Biola art professor Jonathan Anderson interviews New York-based artist Wayne Adams about his artistic practice and underlying themes of faith and theology in contemporary art.

Wayne Adams is a Brooklyn-based artist who received his B.F.A. from Calvin College and M.F.A. from Washington University in St. Louis. Adams has exhibited throughout the Midwest, New York, and Vienna, Austria. Recent shows include “The Flat Files Year Three” (TSA, Brooklyn, NY, 2015), “Wayne Adams is Speaking in Tongues: A show of objects and images organized by the unrelenting voice of interpretation” (Barrington Center for the Arts, Wenham, MA, 2014), “Works Off Canvas” (Denny Gallery, NY, 2013), “Control Alt Delete” (HKJB, Brooklyn, NY, 2011), and “Adams | Miracle” (STOREFRONT Gallery, Brooklyn, NY, 2010).
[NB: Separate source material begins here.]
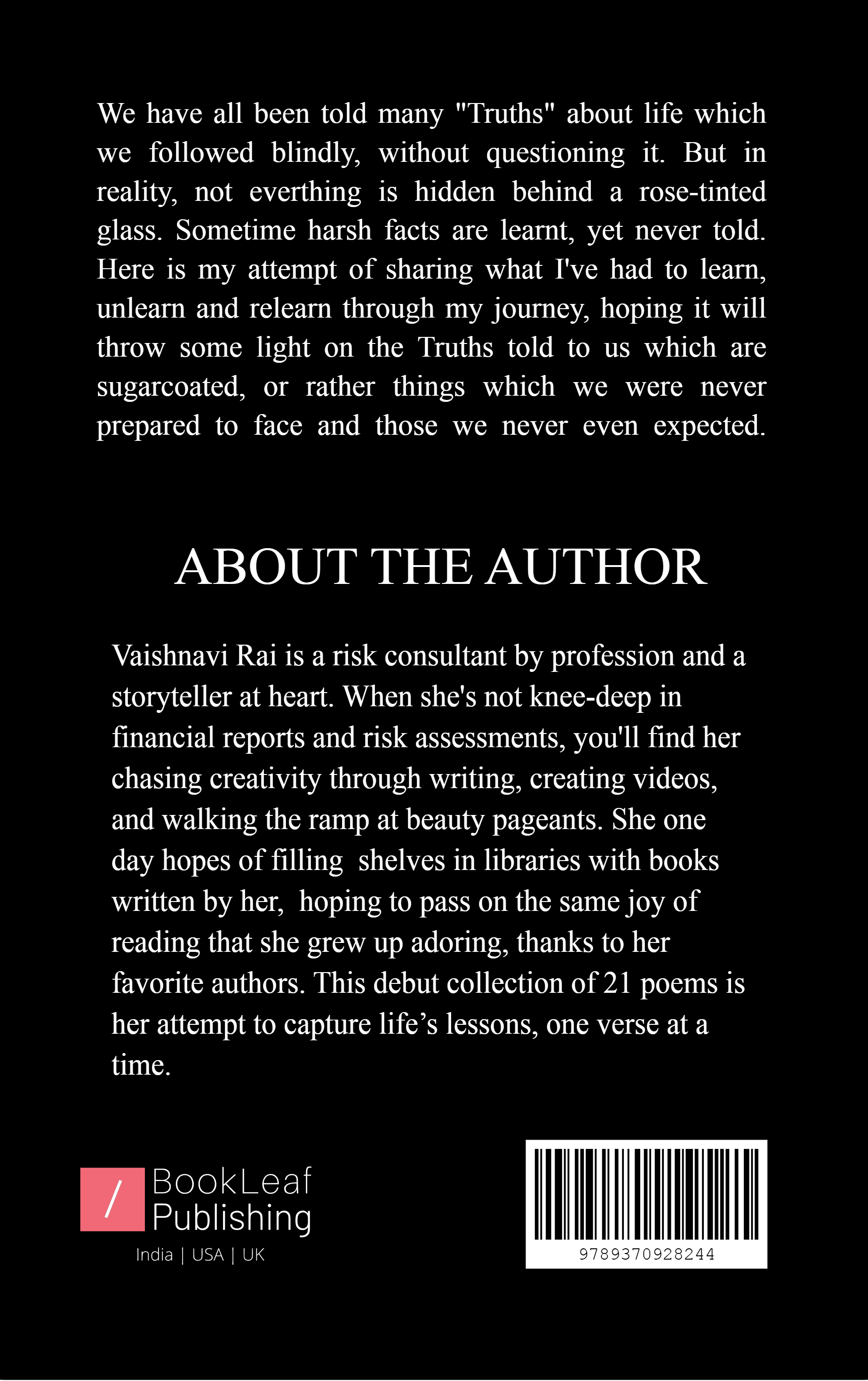 We have all been told many "truth's" about life which we followed blindly, without questioning it. But in reality, not everthing is hidden behind a rose-tinted glass. Sometime harsh facts are learnt, yet never told. Here is my attempt of sharing what I've had to learn, unlearn and relearn through my journey, hoping it will throw some light on the Truths told to us which are sugarcoated, or rather things which we were never prepared to face and those we never even expected.

Wayne Adam’s painting features diverse materials exploring the visual complexity and interplay of 2- and 3-dimensionality. Wayne comments that he is “interested in painting as a lens through which to reconcile my perception of the corporeal world with intangible notions of human emotion, experience, and meaning. It is an understanding of art as a treatise on human nature—the practice of making art as a means of making one more human. Recurring themes include Christian theology, material presence, humor, philosophy, and my daughter’s drawings.”
http://www.wayneadamsstudio.com/


Jonathan A. Anderson is an artist, art critic, and associate professor of art at Biola University, where he has been teaching since 2006. His research and writing focuses on modern and contemporary art, with a particular interest in exploring its relations to religion and theology. Anderson's writing has been published in books from Baylor University Press, InterVarsity Press, and Eerdmans (including the widely-read essay “The (In)visibility of Theology in Contemporary Art Criticism”), as well as in the journals Religion and the Arts, Christian Scholar's Review, Themelios, ARTS, The Christian Century, and others. Most recently, he is the coauthor with theologian William Dyrness of the book Modern Art and the Life of a Culture: The Religious Impulses of Modernism (IVP Academic, 2016).